§ **Aim of the task**
Pictures in the listing below are skipped, while the lines from the "Marcas de bala" line through the "In a desperate" line are returned word for word.

§ **Information**
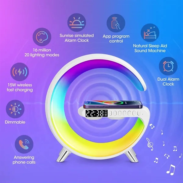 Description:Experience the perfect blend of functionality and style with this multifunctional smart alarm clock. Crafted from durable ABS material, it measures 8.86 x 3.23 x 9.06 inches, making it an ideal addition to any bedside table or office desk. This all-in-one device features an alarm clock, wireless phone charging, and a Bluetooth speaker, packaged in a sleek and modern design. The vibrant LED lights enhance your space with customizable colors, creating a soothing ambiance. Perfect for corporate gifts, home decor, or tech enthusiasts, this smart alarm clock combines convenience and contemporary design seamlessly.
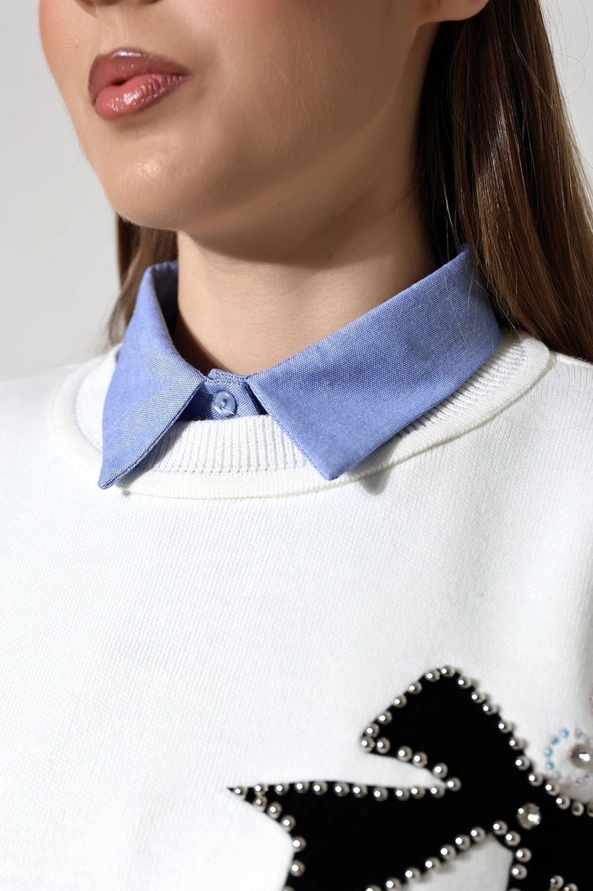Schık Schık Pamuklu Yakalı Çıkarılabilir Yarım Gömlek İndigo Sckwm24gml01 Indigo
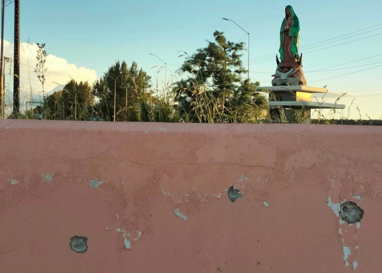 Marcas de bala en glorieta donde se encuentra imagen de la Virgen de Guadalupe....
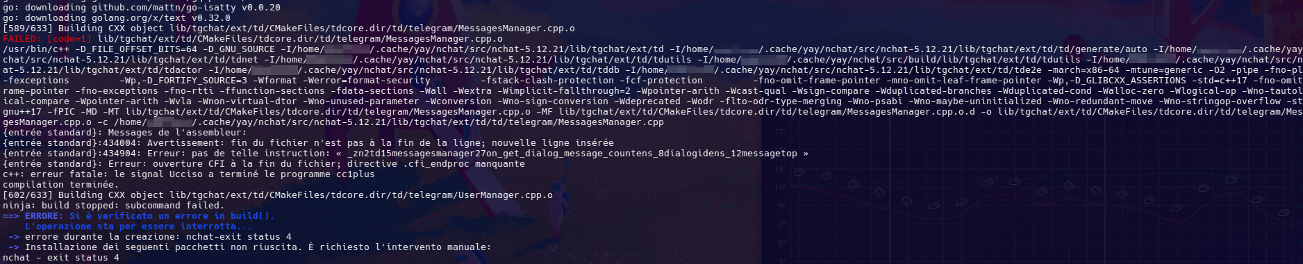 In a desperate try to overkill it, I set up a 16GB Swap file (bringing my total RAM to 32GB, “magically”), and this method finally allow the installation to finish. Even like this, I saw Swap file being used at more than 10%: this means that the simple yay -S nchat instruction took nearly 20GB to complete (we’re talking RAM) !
--
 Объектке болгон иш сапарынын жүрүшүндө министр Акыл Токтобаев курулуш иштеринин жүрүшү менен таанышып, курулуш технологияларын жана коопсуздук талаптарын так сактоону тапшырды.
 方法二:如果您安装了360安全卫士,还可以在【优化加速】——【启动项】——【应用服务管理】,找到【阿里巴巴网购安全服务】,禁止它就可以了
==
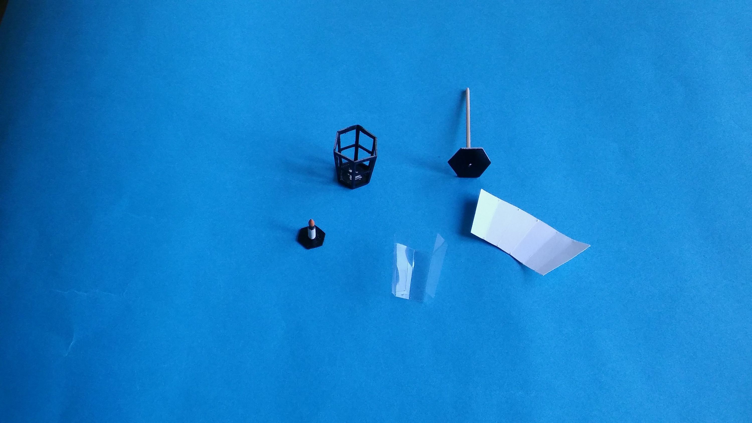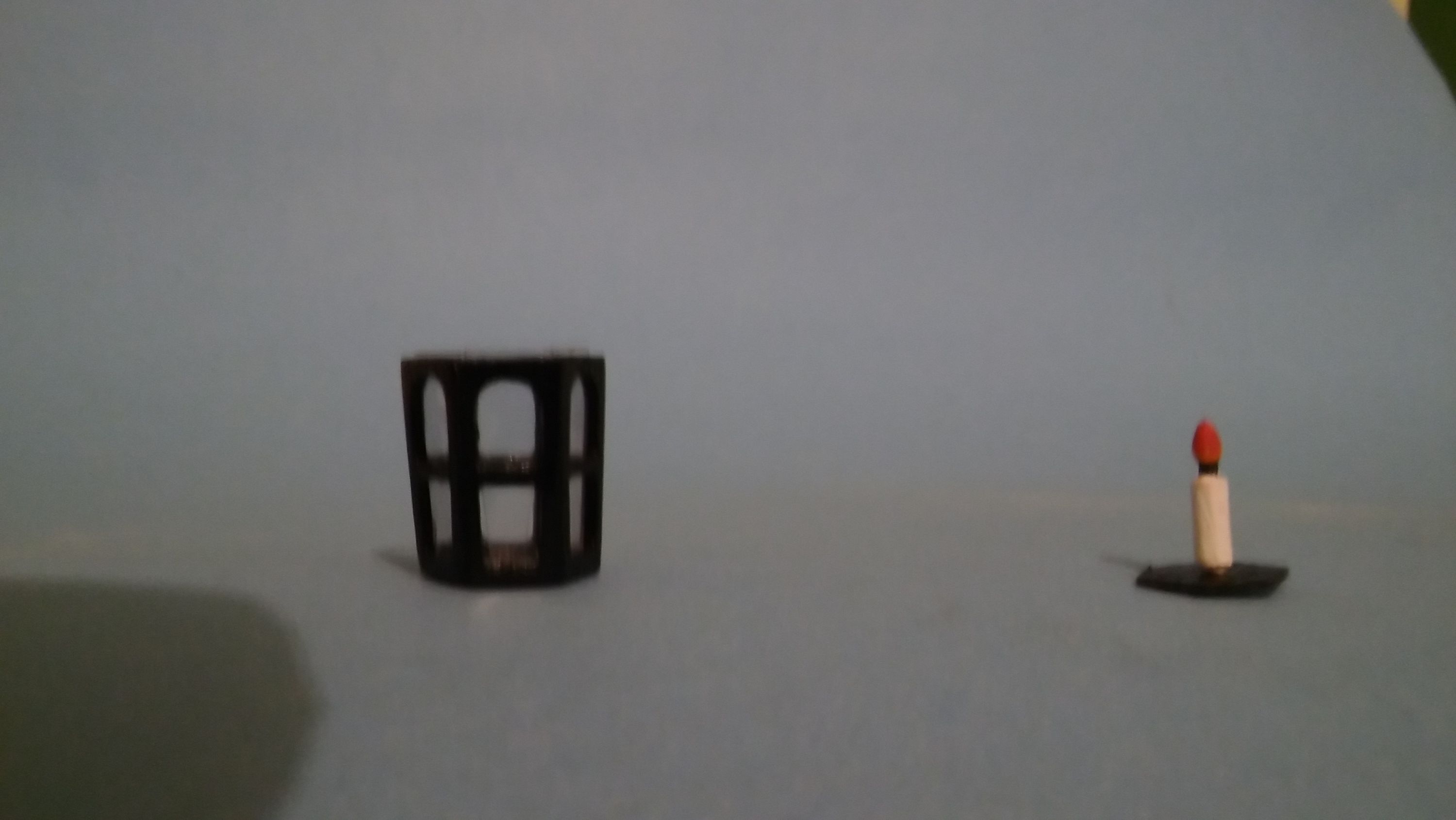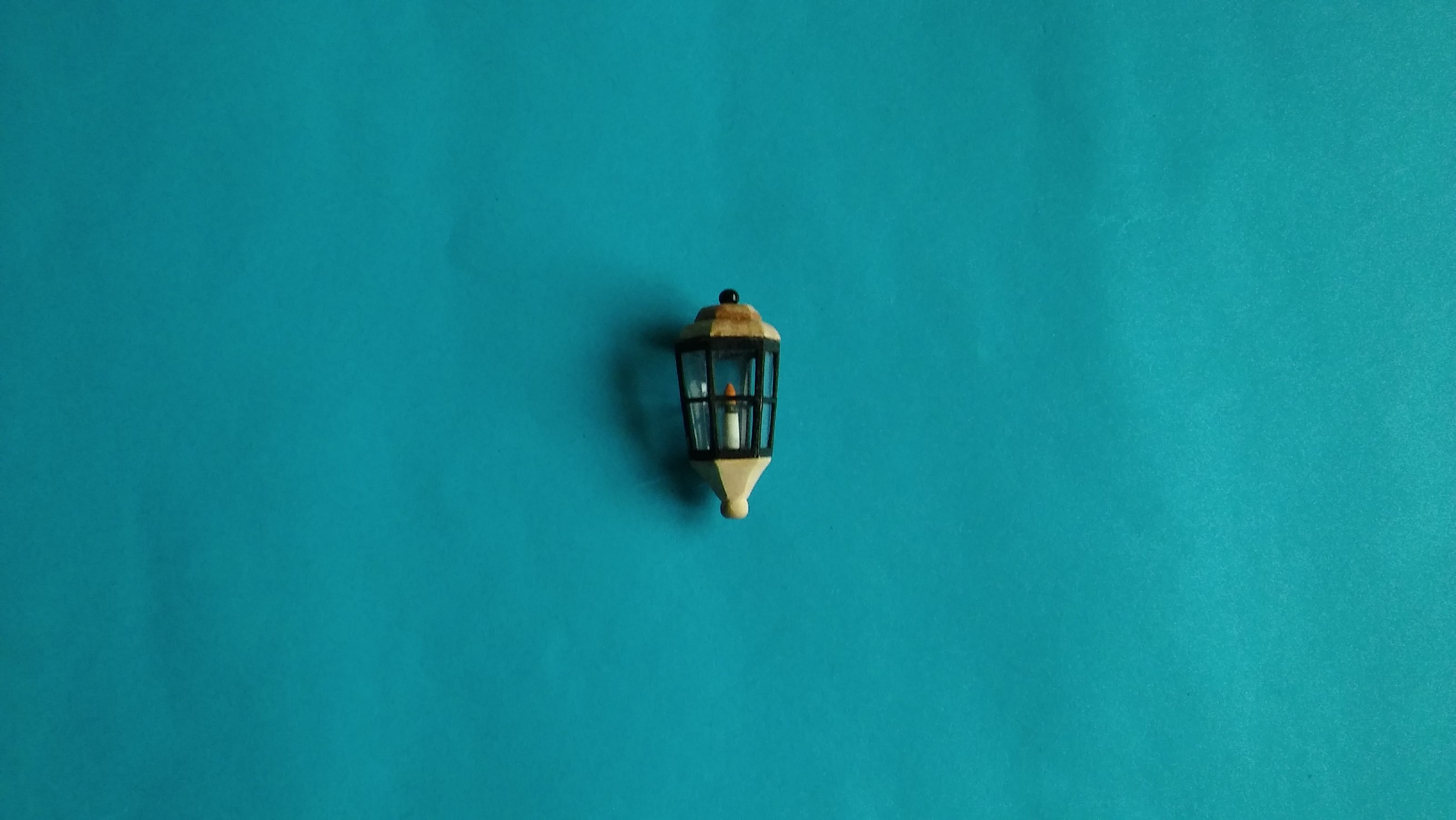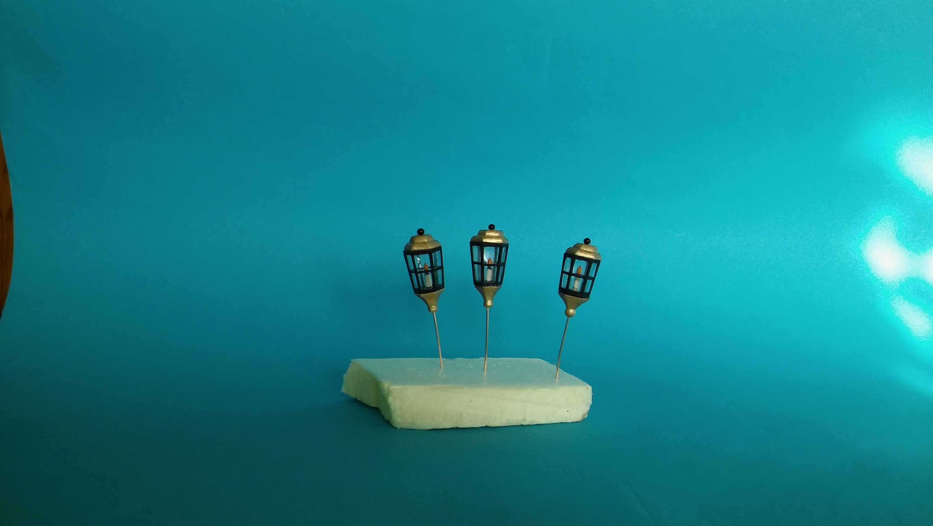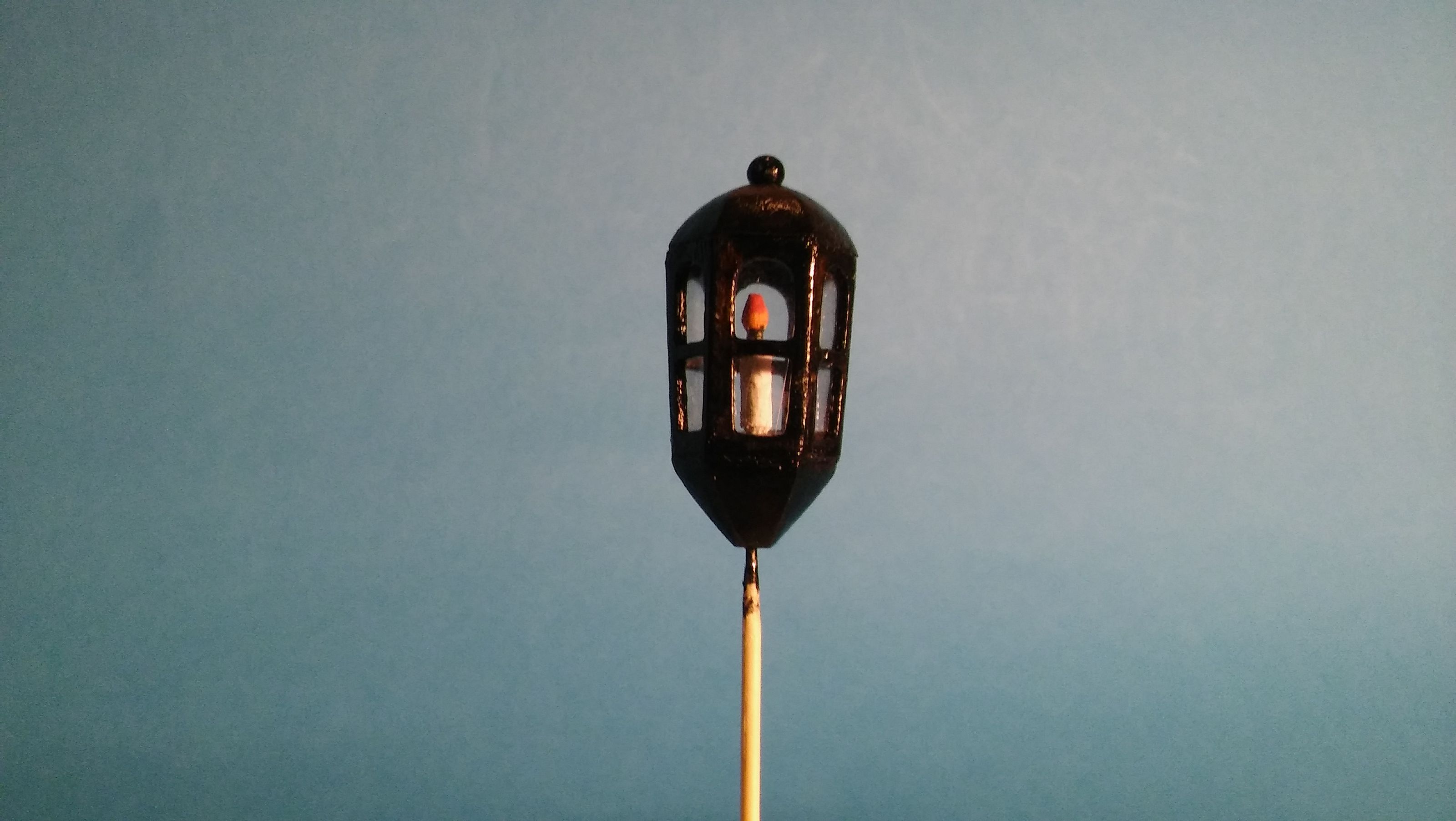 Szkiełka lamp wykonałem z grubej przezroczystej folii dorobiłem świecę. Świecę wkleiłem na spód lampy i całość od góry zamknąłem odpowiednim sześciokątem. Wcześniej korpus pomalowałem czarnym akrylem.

§ **Completed exercise**
 Marcas de bala en glorieta donde se encuentra imagen de la Virgen de Guadalupe....
 In a desperate try to overkill it, I set up a 16GB Swap file (bringing my total RAM to 32GB, “magically”), and this method finally allow the installation to finish. Even like this, I saw Swap file being used at more than 10%: this means that the simple yay -S nchat instruction took nearly 20GB to complete (we’re talking RAM) !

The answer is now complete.